Tell me if this is how the rules go: No outside food in single level cafes; outside food allowed in upper level of bi-level cafes.


----------



## CCC1007 (Feb 27, 2016)

Pretty much...


----------



## Triley (Feb 27, 2016)

It depends. Bi-level cars? Whichever floor is where the Cafe service is being offered is where personal food is not allowed. So if they're serving downstairs, then personal food is only allowed upstairs.

Personal food is allowed in the Acela cafe, as well as Regionals. I know there are plenty more exceptions, but I am out and do not have my service standards manual with me. I believe it's also allowed on the Downeaster, and maybe some of the Chicago "regional" type services. It may include the Palmetto, Carolinian, or Vermonter too, as they're typically treated as Regionals.

I will try to remember to check my manual when I get home and post an update if someone doesn't beat me to it.


----------



## BCL (Feb 27, 2016)

Yeah - it's wherever the service area is.

That being said, I saw someone clearly with personal food being consumed in a cafe car. Enforcement is sometimes an issue.


----------



## crescent-zephyr (Feb 27, 2016)

Like everything at Amtrak... it depends on who is working!

The Upper Level of Sightseer Lounge Cars always permits personal food. All other Bi-Level Lounges (Californian Cars, Cross Country Cafe Cars) could have the no outside food rule enforced. (I can't remember if California Cars had signs posted or announcements or not.).

For Single Level Cars, it varies alot. I've seen it enforced on the Carolinian. But on some Long Distance trains where signs were posted (Crescent is in my mind) people brought in outside food and no one cared.

Since it is always permitted on some trains, it does't seem like it's a FDA rule... one of those "we are amtrak and we make up rules" type of things. While I'm certain some people on this board think they are great rules, I think all unnecessary rules are a silly thing. The horrors of someone taking up Cafe space to eat a Jimmy John's Sandwich they brought on board!


----------



## Guest (Feb 27, 2016)

I'm thinking like, an apple or orange, maybe a PB&J sandwich, bottle of water- removing my crumbs and trash when leaving. Thanks for the ideas, it's variable, using common sense and "situational awareness."


----------



## MikefromCrete (Feb 27, 2016)

Would you be permitted to bring your own food into a restaurant and eat it at a table? I doubt it.


----------



## caravanman (Feb 27, 2016)

You can always eat your food at your coach seat too. The seats have quite good fold out tray tables.

Ed.


----------



## crescent-zephyr (Feb 27, 2016)

MikefromCrete said:


> Would you be permitted to bring your own food into a restaurant and eat it at a table? I doubt it.

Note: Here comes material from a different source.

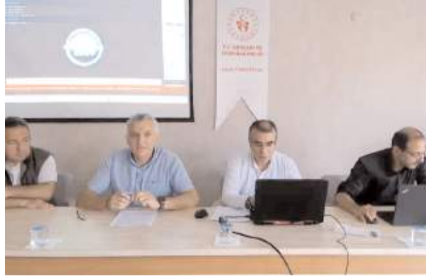
TYP kapsamında görev yapacak personel kurayla belirlendi.

İsmi çıkan vatandaşlar Gençlik ve Spor İl Müdürlüğü'ne giderek, gerekli evrakları tamamlandıktan sonra işe başlayacak. (Haber Merkezi)

I've seen families / groups of friends do just that when casual restaurants are next door. I'm talking about when a Chipotle is next to a Panera Bread or something like that. So the general idea is not a foreign concept in the real world.

More to the point... everyone on board an Amtrak train is an Amtrak customer. Are the tables specifically attached to the cafe? Or are they available for the general use of the paying Amtrak Passengers? That argument was recently debated on this board in relation to the laptop use in cafe cars. As I said previously, making up rules for no reason just seems silly to me. What's worse, each train has their own set of rules.

To be fair to Amtrak, each train has a unique set of equipment.


----------



## Lonestar648 (Feb 27, 2016)

During the busy time in the café, when many people are purchasing a sandwich or meal, then I would expect the booths to be available for the café customers since they are paying for the café food. If you bring your own food aboard, the café isn't busy, and there are no applicable FDA regs, then it should be open seating for everyone.


----------



## neroden (Mar 4, 2016)

I can say that absolutely nobody cares if you bring your own water.


----------



## chakk (Mar 16, 2016)

And your own alcohol may only be consumed in your sleeping car compartment. No consumption of your own supply anywhere else on the train.


----------



## KmH (Mar 16, 2016)

Yep, that is Amtrak's published policy.

As a practical matter, private stock alcohol is routinely consumed in coach and the café/lounge cars.

If one is discrete and does not cause problems the OBS generally won't say anything about consuming private stock alcohol in coach and the café/lounge cars.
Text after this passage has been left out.